Jan van de Cappelle’s Winter Scene: An Inventory

CASPER

THE FRIENDLY GHOST
Mostly cloud: a heavy-bundled leaden grey
brightening to talcum white or near white
so you know snow is coming.
People, then, bodies withstanding a wind that whittles
everything in its path:
flayed trees, broken fence-posts,
a few splintered bridge-pilings,
one rowing-boat sunk to its gunnels in ice,
the stems of straw-colored tall dead grass.
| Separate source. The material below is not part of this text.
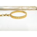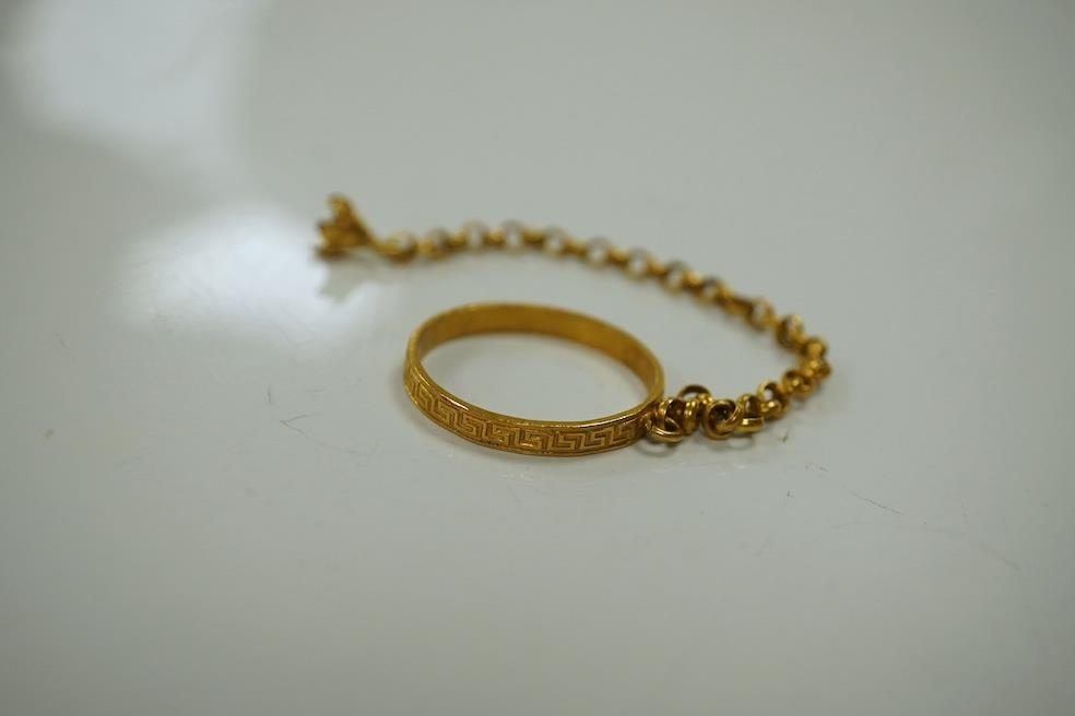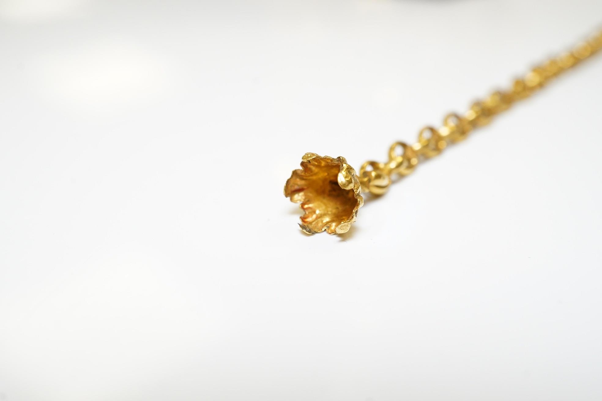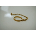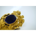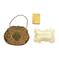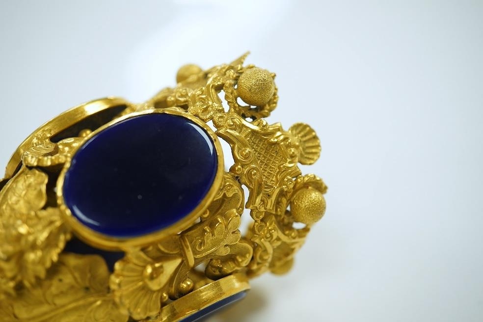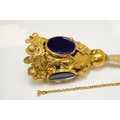 A 19th century Pinchbeck posy holder with mother of pearl handle and inset blue glass panels. Condition - safety chain detached

Six or seven figures: one trudges the slope of the bridge
towards a low-slung house,
a rag of smoke wind-raveling from its chimney;
a bent man shoves a sled across ice;
a woman in a long, burnt-umber tweed skirt
tucks her youngster in close.
Out where the river widens, two men have stopped to talk
as if frozen water were their village street
some spring or summer or mild autumn evening,
and not this storm-pit of a winter's day
through which a solitary skater leans and breezes past them—
intent as any sea-bird
on some hungry errand upstream,
his whole unfolding body
rapt and wrapped in it,
unseeing the blockish church-tower in its flat sandstone colours,
or the thatched roofs
coated with famished snowlight,
or even the trees in their leaf-lorn
purity of shape, wind-stricken.
You see all this and think that's all, till a fraction
in the upper left catches your eye
with a cleaner shade of cloud
or maybe sky, a translucent albumen grey
with faint trace-specks of blue inside it—
as if the painter couldn't leave the scene
without some tiny touch of hope in it,
so your eyes keep sliding down from there
to the sailing-boat
ice-moored beside a shaded gable,
whose mast and boom are
ramrod straight, still stiff-buckled
into winter, on which
you can see a streak or two of brighter light ignite
their vertical and horizontal lines
of hardihood, almost softening
the tough wood they're carved in.
The craft faces towards the open stream and seems
though hasped in the solid grasp of ice
ready for anything—for the wind
to shift and the anchoring ice
to relent and melt and flow away
the way that woman gazing at the mast has seen it happen,
as will happen when this hard season
turns to spring, a lit and flickering
forecast of which you might
see in those cottony blobs
the painter has coaxed to the tips of a few nude trees,
that force your eyes and your
desiring mind to hover at last
between the fact of packed snow and the fact of blossom.